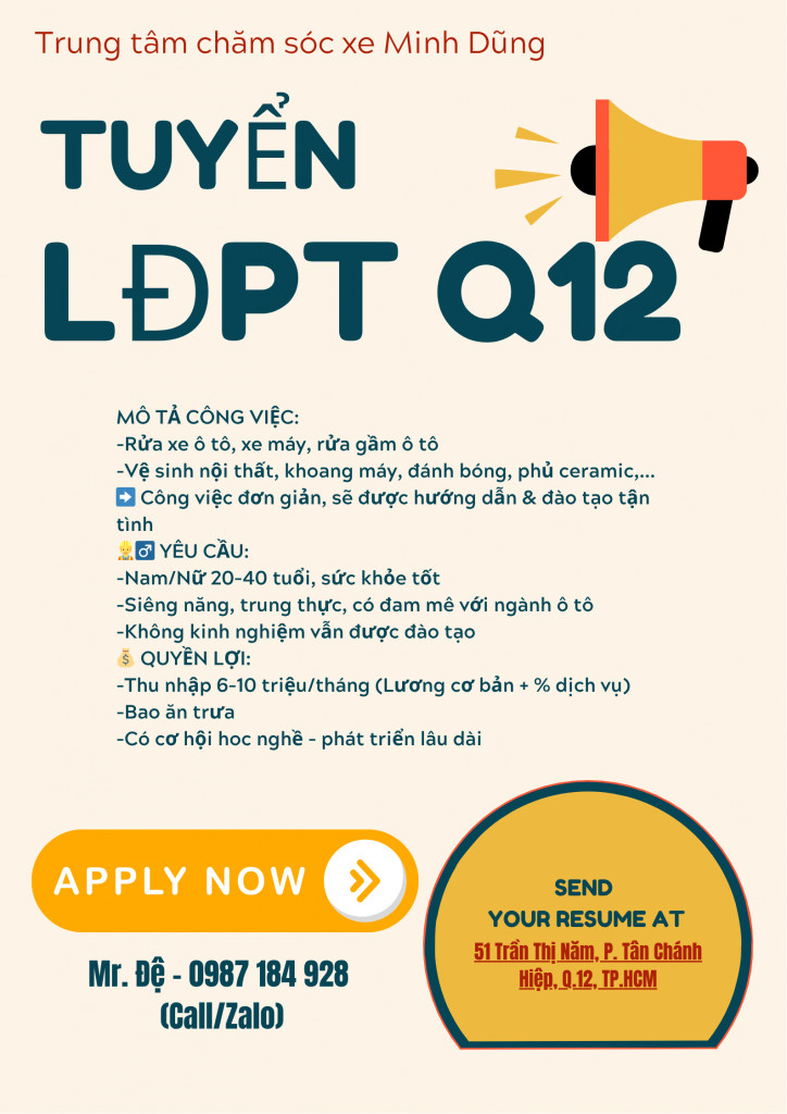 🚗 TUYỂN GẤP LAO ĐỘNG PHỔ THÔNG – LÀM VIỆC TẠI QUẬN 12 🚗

---

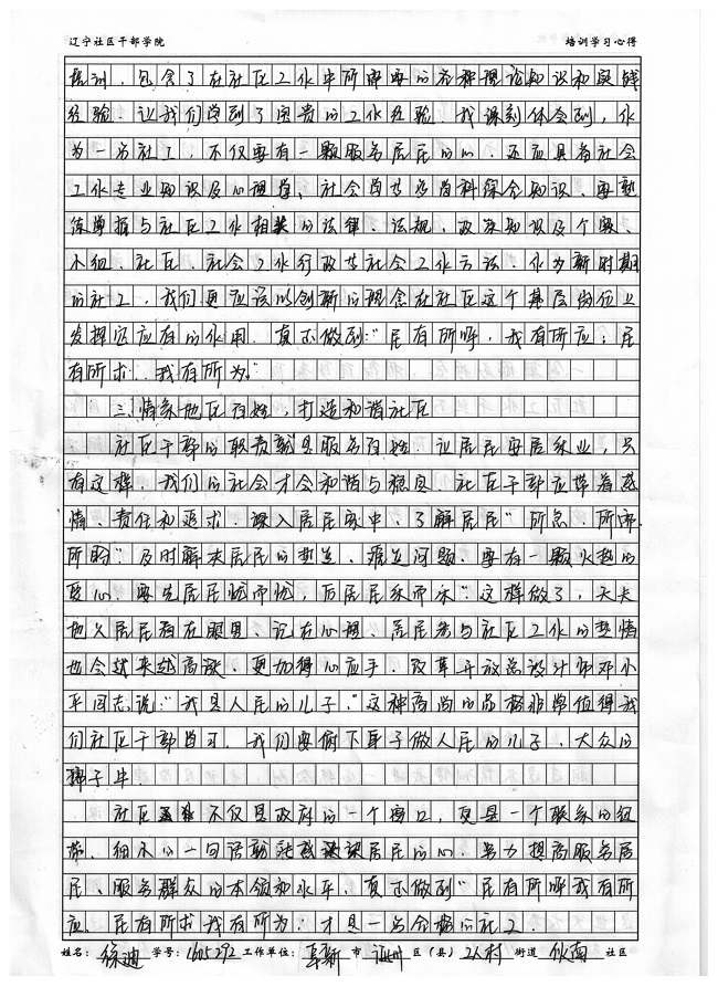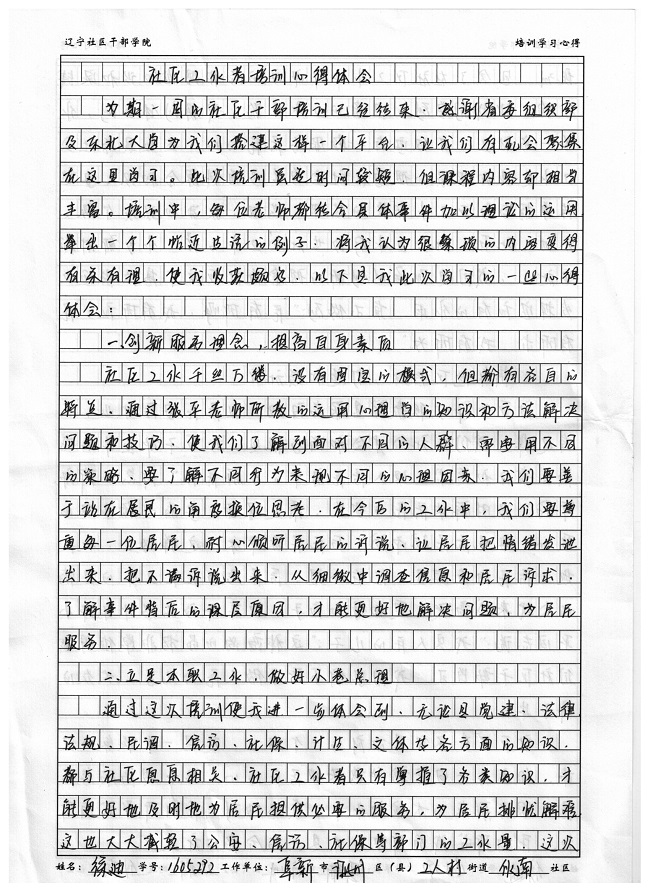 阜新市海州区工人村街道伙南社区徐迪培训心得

--

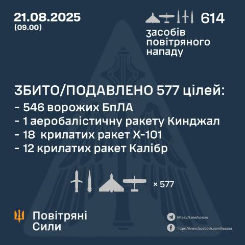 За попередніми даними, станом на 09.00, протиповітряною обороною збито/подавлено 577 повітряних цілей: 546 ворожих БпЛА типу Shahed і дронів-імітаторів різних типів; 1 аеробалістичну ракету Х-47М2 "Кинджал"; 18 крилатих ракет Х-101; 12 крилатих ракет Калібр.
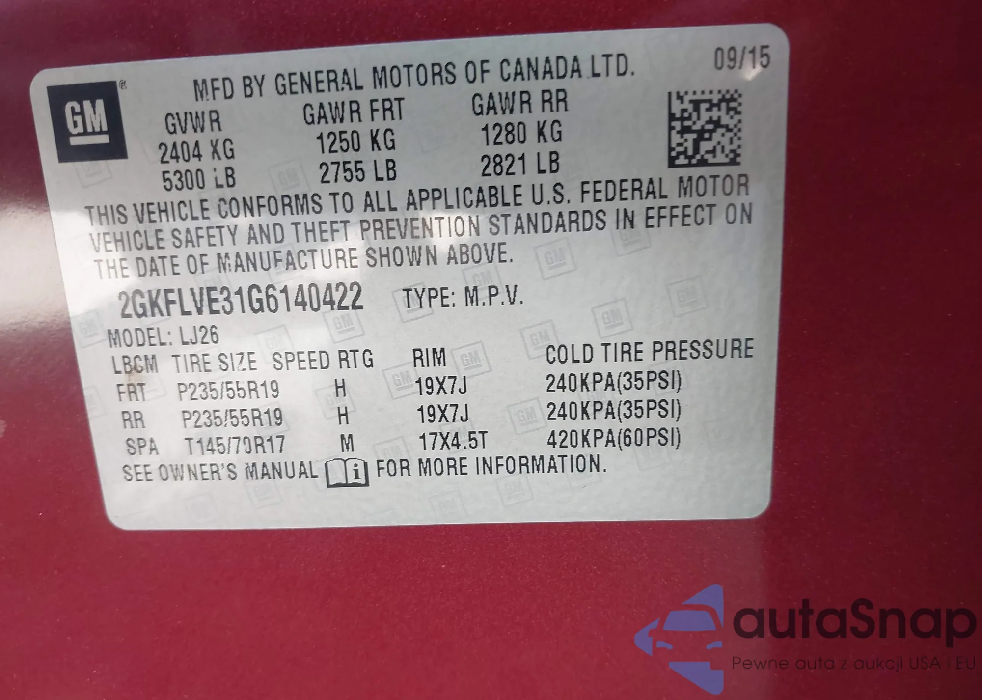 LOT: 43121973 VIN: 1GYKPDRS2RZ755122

### Your assignment
Quote the lines above exactly, starting with the one that has "За попередніми даними, станом" and ending with the one that has "LOT: 43121973 VIN: 1GYKPDRS2RZ755122"; drop the pictures and include nothing else.

### Answer to this problem
 За попередніми даними, станом на 09.00, протиповітряною обороною збито/подавлено 577 повітряних цілей: 546 ворожих БпЛА типу Shahed і дронів-імітаторів різних типів; 1 аеробалістичну ракету Х-47М2 "Кинджал"; 18 крилатих ракет Х-101; 12 крилатих ракет Калібр.
 LOT: 43121973 VIN: 1GYKPDRS2RZ755122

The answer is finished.